The initial dose of argatroban given in each study was 2 mcg/kg/min as a continuous infusion. Dosage adjustments were made to achieve an aPTT of 1.5-3.0 times the baseline. The primary efficacy analysis was based on a comparison of event rates for a composite endpoint that included death (all causes), amputations (all causes), or new thrombosis during the treatment or follow-up period of 37 days. The secondary endpoints were the evaluation of the event rates for the components of the composite endpoint and the time to event.
The first study enrolled 304 patients to receive argatroban and retrospectively evaluated 193 patients for historical controls. The result for the composite endpoint of argatroban is 34.2% vs. 43.0% for the control group. The author stated it was a significant improvement; however, no P values were given. The time to first event also was increased in the argatroban group. The second study showed similar results with fewer of the composite endpoints and an increased time to first event for argatroban. These studies currently have not been published, and evaluation of statistical significance is not available for study endpoints.

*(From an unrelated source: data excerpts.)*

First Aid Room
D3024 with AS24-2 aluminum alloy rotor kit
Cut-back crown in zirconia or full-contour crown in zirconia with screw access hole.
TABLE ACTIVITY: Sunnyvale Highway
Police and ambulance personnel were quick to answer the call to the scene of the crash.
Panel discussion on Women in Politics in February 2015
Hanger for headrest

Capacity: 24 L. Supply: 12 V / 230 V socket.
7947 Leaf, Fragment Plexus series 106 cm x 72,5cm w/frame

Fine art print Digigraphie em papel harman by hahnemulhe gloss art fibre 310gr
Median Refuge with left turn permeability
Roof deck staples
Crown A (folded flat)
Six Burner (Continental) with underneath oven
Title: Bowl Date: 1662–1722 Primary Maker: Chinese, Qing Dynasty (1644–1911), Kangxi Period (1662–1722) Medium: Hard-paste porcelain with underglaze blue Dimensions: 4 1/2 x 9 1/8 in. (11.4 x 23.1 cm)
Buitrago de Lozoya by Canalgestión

Lepirudin also was evaluated in two prospective, open-label, historically controlled trials that were similar in study design. These studies included patients who were 18 years old or older with a diagnosis of HIT based on clinical criteria and presence of HIT antibodies. The patient also must have had a definite need for parenteral antithrombotic therapy or prophylaxis. The studies excluded patients who required hemodialysis or hemofiltration; were anticipated to comply poorly; had known hypersensitivity to r-hirudin; or were pregnant. The efficacy was based on the comparison of combined and individual incidences of death, amputations, new thromboembolic complications, and incidences of bleeding with the lepirudin group and the control group. Patients in the lepirudin group were on average seven years younger and had more multiple thromboembolic complications at baseline. The results of the combined endpoints at day 35 were reduced significantly (P = 0.014) for the lepirudin group vs. the control group (9.9% vs. 23.0%). Bleeding rates were similar in both groups.

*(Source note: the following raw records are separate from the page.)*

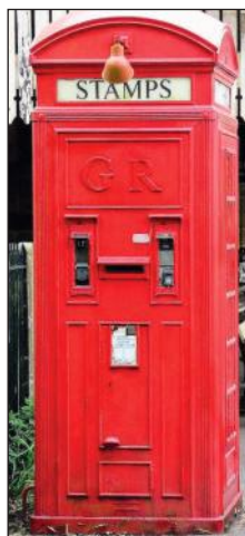
George V 'phone box with integral stamp dispensing machines and post box. Preserved at the East Somerset Railway, 2018.
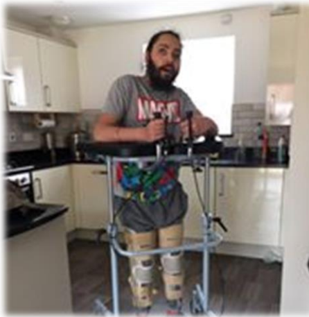
Client with a walking frame we purchased 2017
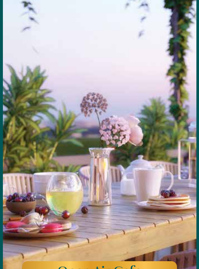
Open Air Cafe
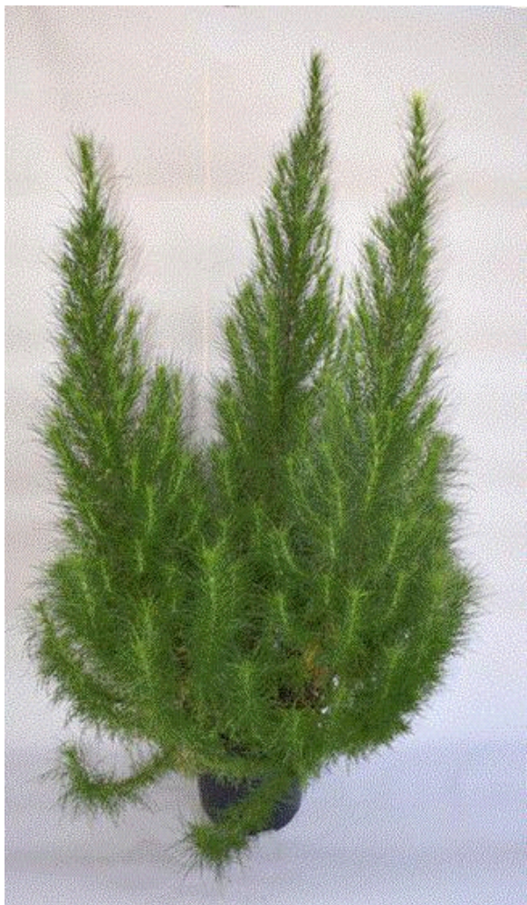
Eupatorium Elegant Feather
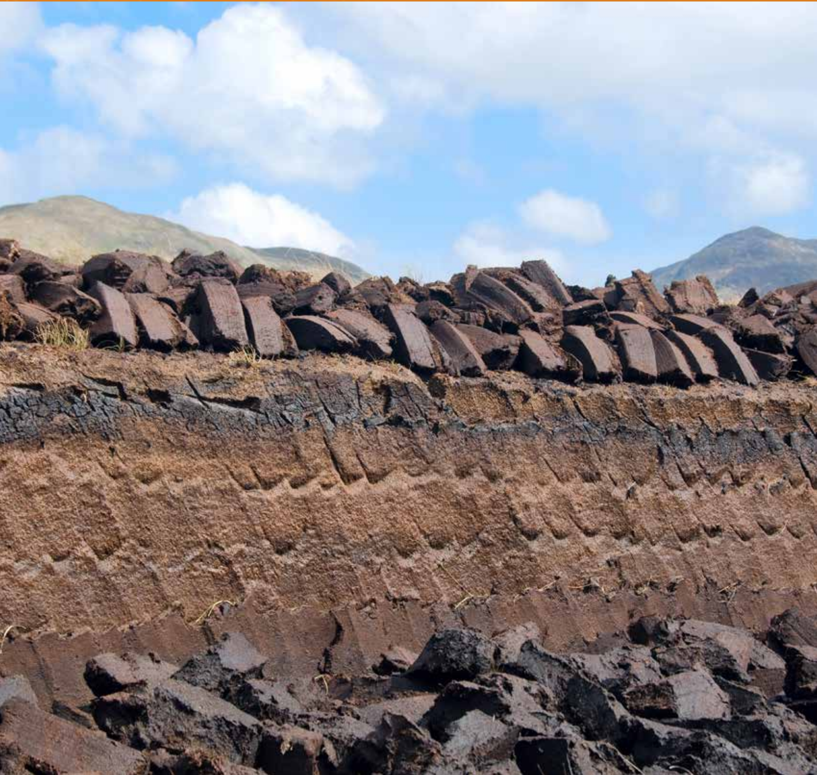
Peat mining.
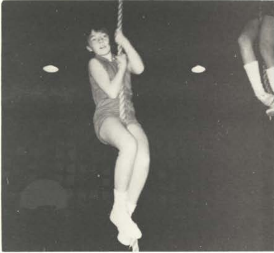
Hang 'em high!
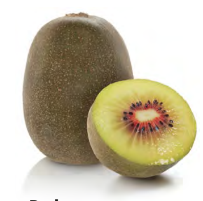
Red (Red Passion, Don Hong)

They are smooth, with no fuzz on the skin, and typical for the bright yellow color of their flesh. They have zero acidity and a sweet taste.

In the second study, fewer of the lepirudin-treated patients experienced an event at day 35, but it was not statistically significant. Bleeding events occurred statistically more often in the lepirudin group than the control group (P = 0.0001). These bleeding events were minor, not requiring transfusion and no intracranial bleeds were observed. Limitations for historical controlled studies include an increased risk of bias in the selection of the control patients, and missing data may have a large effect on the study results. These studies were also not blinded or randomized due to ethical reasons.

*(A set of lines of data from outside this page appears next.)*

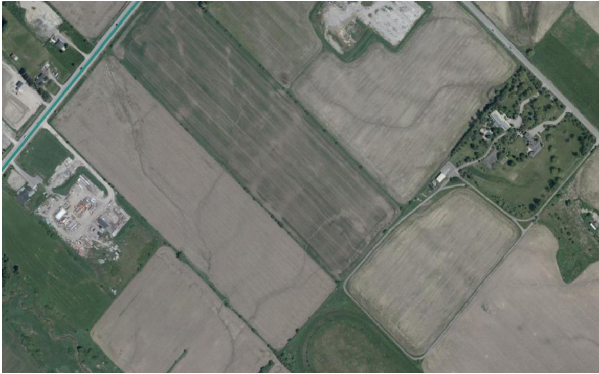
1 - Zoned Agricultural (2019)
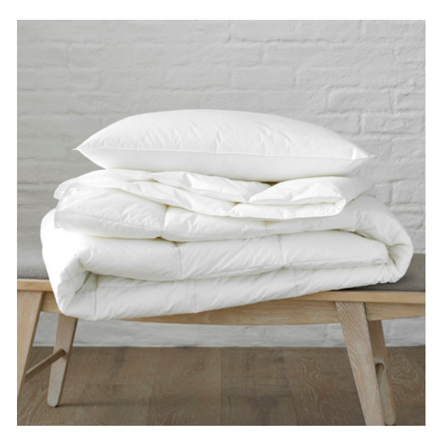
APOLLONIA Down free

For the ultimate in comfort, Matouk offers two American-made down bedding collections that are exclusive to our hotel clients. Sofia creates supreme plushness and loft using hypo-allergenic white duck down fill in a baffle-box shell of 300 thread count cotton percale, while Apollonia substitutes a down-alternative fiber to accommodate allergy-suffering guests. Comforters are available in summer and all-season weights and our pipe-edged pillows vary in fill quality and firmness. Every down product is certified by the internationally recognized "Responsible Down Standard" (RDS), ensuring that all down and feathers are humanely sourced.
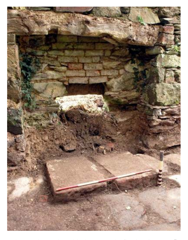
Plate 6: The two large blocks near to the fireplace in Room 5
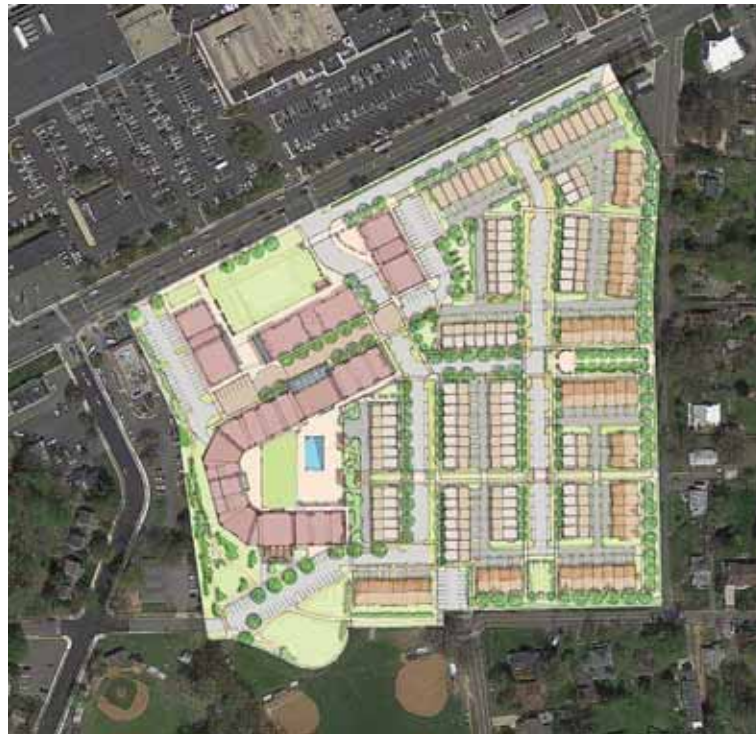
IDI wants to build 131 townhouses, 164 condos and 20,000 square feet of retail, plus have 24,000 square feet of commercial/community uses on the Paul VI property.
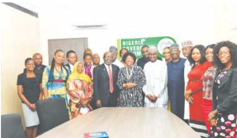
NGFS staff in a group photograph with the Chair of the NGNF after her maiden meeting of the NGFS
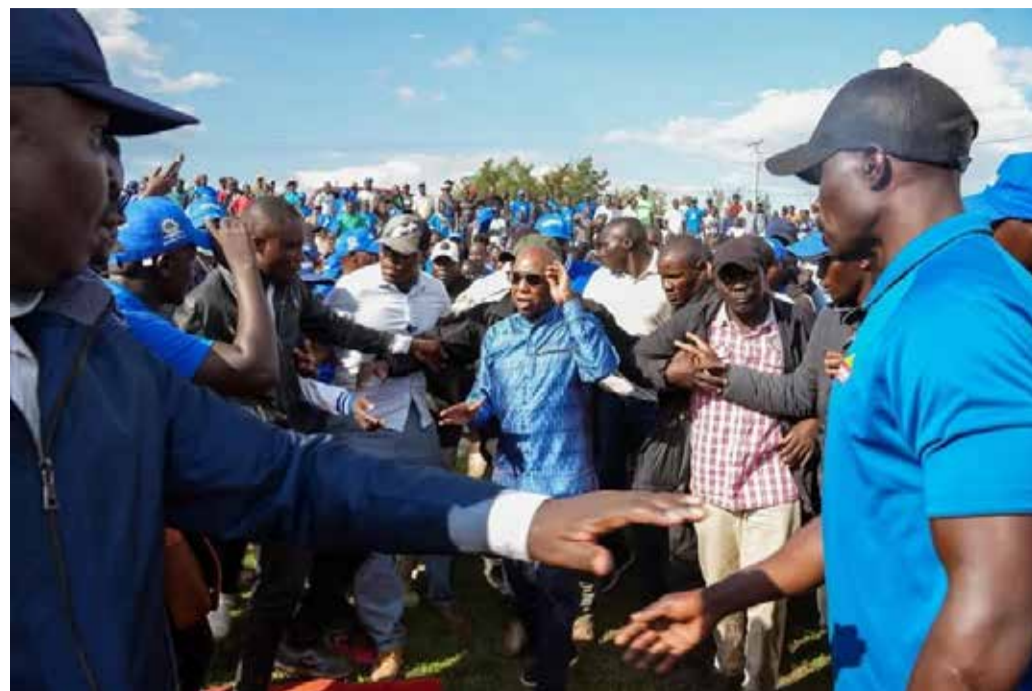
Safina party leader and it's presidential candidate Jimi Wanjigi (in glasses) engaging Kenyans in one of the many forums he convenes to seek their support.

We will cut off regulatory bureaucracy to accelerate innovation and investments. And our agenda will build industrial scale manufacturing and high value added agricultural industry powered by reliable and cheap energy. Kenyans will have direct say in their security affairs.
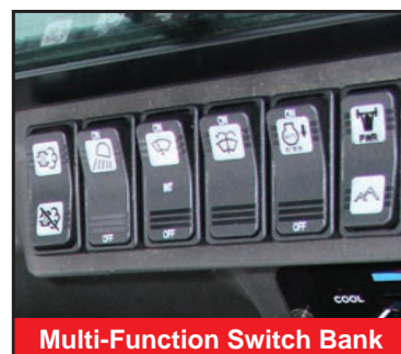
Multi-Function Switch Bank
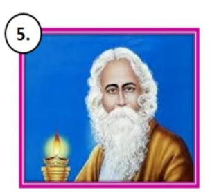
He was the first Asian to win a Noble Prize. He was awarded the literature prize in 1913.
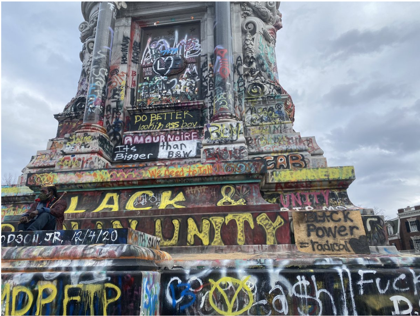
And now, your moment of zen

Danaparoid has not been extensively studied for the treatment of HIT, even though it is commonly used. A retrospective review of 42 patients with acute or past HIT included patients with a likely diagnosis of HIT based on several criteria. Criteria included a decrease in platelet count by 50% from baseline, interval of HIT onset > 5 days in cases of initial exposure or interval of < 4 days in cases of re-exposure, normalization of platelet count within 10 days after cessation of heparin therapy, and a thromboembolic complication during heparin therapy. Patients received 600-800 units every 12 hours either after nonvascular surgery or in medical situations, and 100-300 units/hr infusion post cardiac surgery for prevention of venous thromboembolic complications. For treatment of acute thromboembolism complications, a step-down infusion rate was advised: 400 units/hr for 4 hours, 300 units/hr for 4 hours, and then the maintenance infusion rate of 100-370 units/hr. Twenty-six patients were treated for acute HIT. In this group, no new thrombotic complications developed while on danaparoid; however, danaparoid failed to treat a thrombotic complication of HIT in two patients (7.6%), and three patients experienced bleeding complications, one minor and two major events. At the one-month follow-up after the withdrawal of danaparoid, no thrombosis had recurred.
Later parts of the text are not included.